Inclusions which result in diseases like Alzheimer’s and FXTAS may be indicators of when the normal prion-like function of certain proteins has gone awry. Interestingly, many prion-prone proteins are rich in the amino acids, glutamine and asparagine. Perhaps then it is unsurprising that a number of trinucleotide repeat disorders exhibit amplified numbers of glutamine repeats within their coding sequences. These conditions include Huntington’s Disease, spinobulbar muscular atrophy, and many of the spinocerebellar ataxias. Each of these poly-glutamine disorders exhibit neuronal inclusions akin to those seen in prion-induced conditions like mad cow disease [2]. Although not all prions are rich in these amino acids, it is however a considerable trend.

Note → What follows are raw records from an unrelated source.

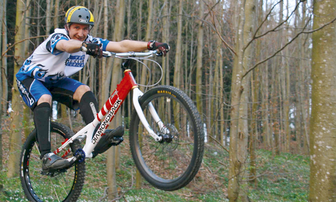 Jedes Velomodell und jede Geländeart ist für René von Dach eine Herausforderung. Da, wo Steuerkünste gefragt sind, ist der 38-Jährige gerne dabei. So stehen neben Trial-Velos bei ihm zu Hause in Urdorf auch Mountainbikes, ein Single-Speeder, ein Rennvelo, ein geländetaugliches Einrad und sogar ein voll gefedertes Mountainbike-Tandem. Mit Letzterem bestritt er bereits mehrmals zusammen mit unterschiedlichen Mitfahrern das berüchtigte Langstreckenrennen Swiss Bike Masters in Küblis. Seine grösste Aufmerksamkeit widmet der gelernte Elektromonteur, der heute als Network Operator in Zürich Altstetten arbeitet, nach wie vor dem Velo-Trial.
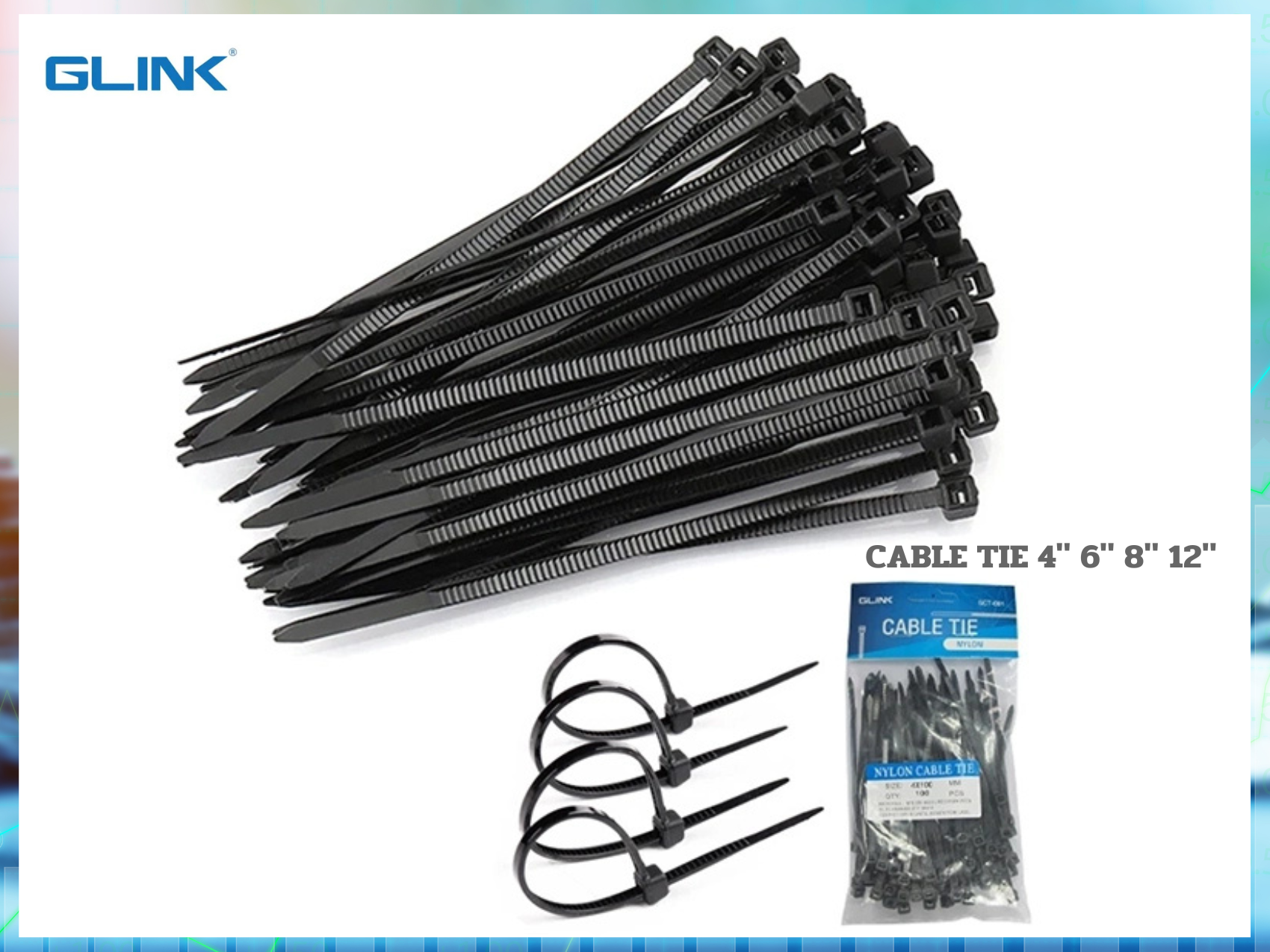 glink gct-02b-cable-tie-ยาว-6นิ้ว-สีดำ-แพ็ค-100ชิ้น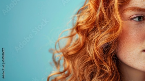 Close-up of red-haired woman's wavy hair against blue background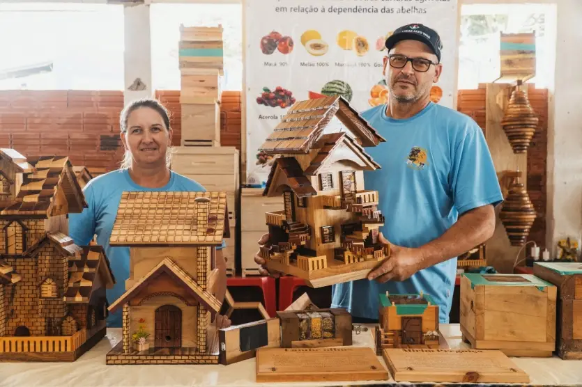Os empresários Rosi e Osmar Zanotti, que divulgam a criação de abelhas sem ferrão - Fotos: Igor Gobbo/Assessoria Expo Umuarama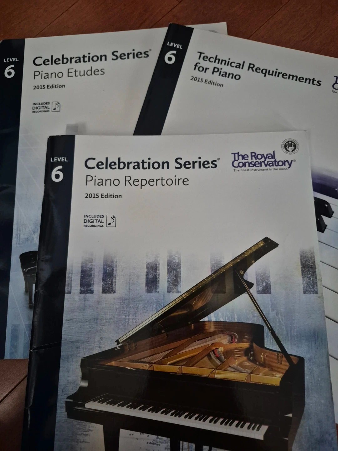 Selling a set of Celebration Series piano books, Level 6! Includes Piano Repertoire, Piano Etudes, and Technical Requirements for Piano. All are the 2015 Edition.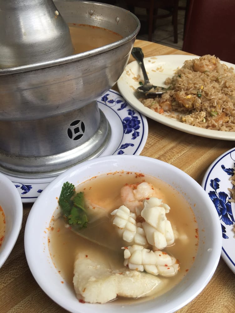 Sopa de mariscos. Combination of shrimp, squid, fish and mussels in a spicy lime soup. Combinacion de camarones, calamar, pescado, almejas en sapa condimentada con hierbas Thai.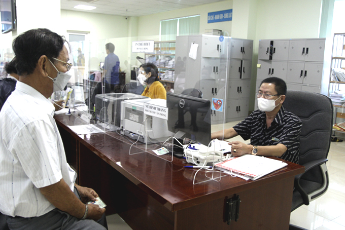 Khi Trung tâm Phục vụ hành chính công tỉnh hoạt động, ngoài lực lượng cơ hữu, còn có người của 23 sở, ngành, trong đó có Bảo hiểm xã hội tỉnh được cử đến làm việc. (Trong ảnh: Giải quyết thủ tục hành chính tại Bảo hiểm xã hội tỉnh) |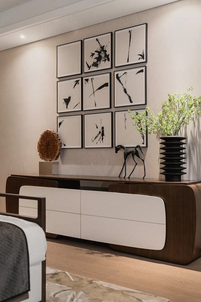 素雅的配色哲學與當代簡約的建筑體塊交匯,南京老城肌理與文化在其間交織延續,新與舊在此碰撞交融,既能獲得如沐春風的南京記憶,又能感知到文化的新生,營造多層次的舒適體驗。整個空間以洄游動線為主,以入戶玄關為核心,將衛生間,臥室,餐廚空間的動線串聯起來,為客戶提供了多種形式的動線安排,避免了單一選擇的不便性。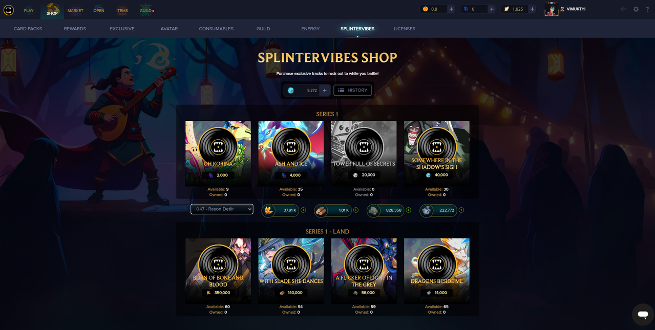 Splintervibes is our latest addition that bring in Music NFT to the game. These are assets players can own (therefore trade) and augment their gameplay experience with. Music NFTs do not change the core mechanics of the game; yet function as an excellent resource sink for various in game resources.
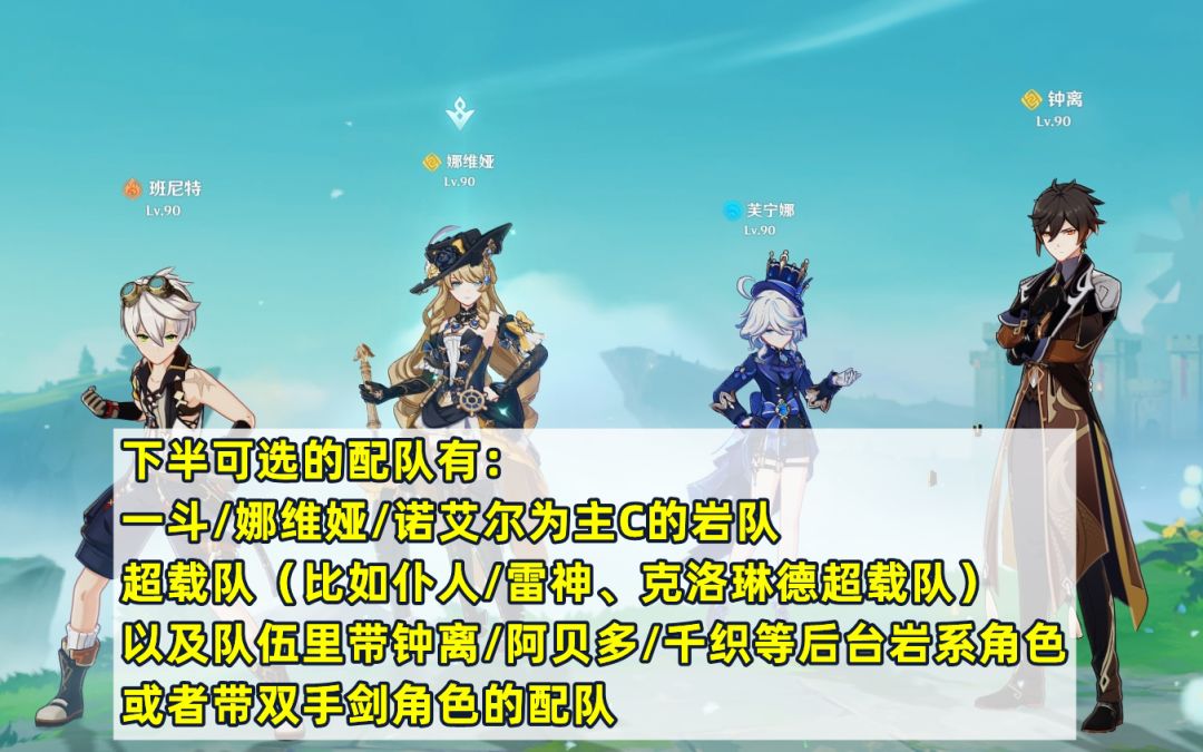 12层上半配队相对自由,除了第一间的圣骸兽可能对火C和雷C稍有限制外,只要是练度合格的队伍,都可以考虑走上半。下半可以选择一斗/娜维娅/诺艾尔为主C的岩队、超载队、以及队伍里带钟离/阿贝多/千织等后台岩系角色,或者带双手剑角色的配队等等。

Ultimately, studying the behaviors of target amino acids like glutamine may help us understand not only the pathologies that may arise from them, but how they have evolved to behave in the first place. Perhaps amino acids such as glutamines and asparagines have been selected for for these particular qualities, and that, amongst other functions, they are purposeful inducers of conformational– and perhaps even inherited– change.